Part (A) Chapter-22: Chemical Coordination and Integration
Endocrine glands and hormones; human endocrine system – hypothalamus, pituitary, pineal, thyroid, parathyroid, adrenal, pancreas, gonads; mechanism of hormone action (elementary idea); role of hormones as messengers and regulators, hypo- and hyperactivity and related disorders; dwarfism, acromegaly, cretinism, goiter, exophthalmic goiter, diabetes, Addison’s disease.

Note: Diseases related to all the human physiological systems to be taught in brief.

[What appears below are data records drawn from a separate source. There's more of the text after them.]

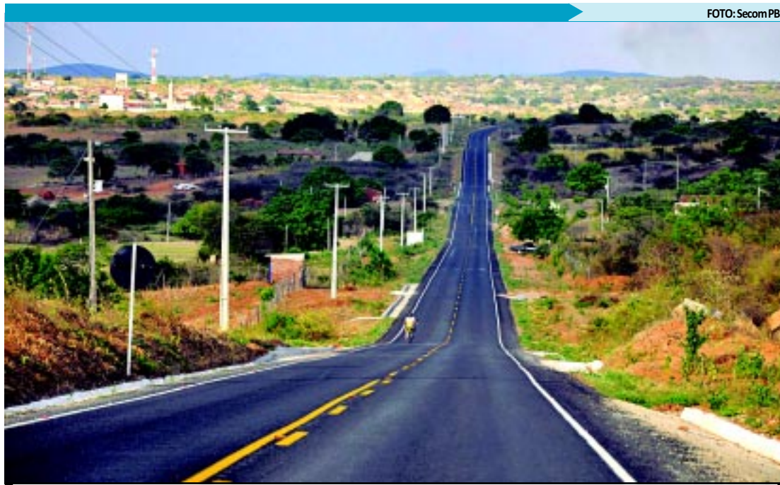
Rodovia recebeu R$ 6,3 milhões em recursos e etapa inaugurada deve beneficiar 71 mil habitantes da região

A unidade terá dois consultórios médicos, uma área de observação com dois leitos para pediatria, quatro leitos para clínica médica e dois leitos de atendimento de emergência na denominada sala vermelha, onde ficarão instalados equipamentos que possibilitarão um atendimento de qualidade aos pacientes mais graves.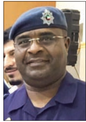
العميد عبدالله سفاخ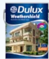
Top Coat 面漆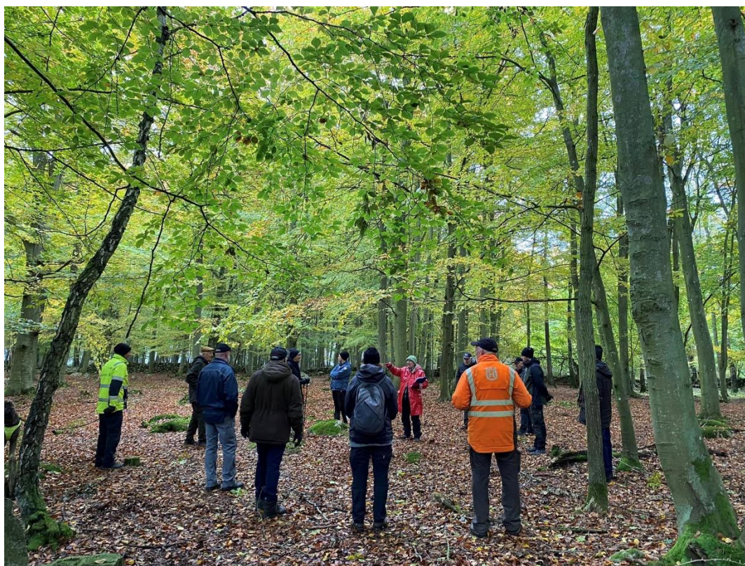
Nätverksträff i Lörby skog, hösten 2023.

Practical syllabus for class 11 biology

Practical syllabus for class 11 Biology will be of 30 marks and consist of following listed events.

Evaluation Scheme Marks
One Major Experiment 5
One Minor Experiment 4
Slide Preparation 5
Spotting 7
Practical  Record+Viva Voice 4
Project Record + Viva Voice 5
Total 30


List of Experiments for Class 11 Biology 

  • Study and description of three locally available common flowering plants, one from each of the families Solanaceae, Fabaceae and Liliaceae including dissection and display of floral whorls, another and ovary to show a number of chambers (floral formulae and floral diagrams).
  • Types of the root (Tap and adventitious); stem (herbaceous and woody); leaf (arrangement, shape, venation, simple and compound).
  • Preparation and study of T.S. of dicot and monocot roots and stems (primary).
  • Study of osmosis by potato osmometer.
  • Study of plasmolysis in epidermal peels (e.g. Rhoeo leaves).
  • Study of distribution of stomata in the upper and lower surface of leaves.
  • Comparative study of the rates of transpiration in the upper and lower surface of leaves.
  • Test for the presence of sugar, starch, proteins and fats. Detection in suitable plant and animal materials.
  • Separation of plant pigments through paper chromatography.
  • Study of the rate of respiration in flower buds/leaf tissue and germinating seeds.
  • Test for presence of urea in urine.
  • Test for presence of sugar in urine.
  • Test for presence of albumin in urine.
  • Test for presence of bile salts in urine.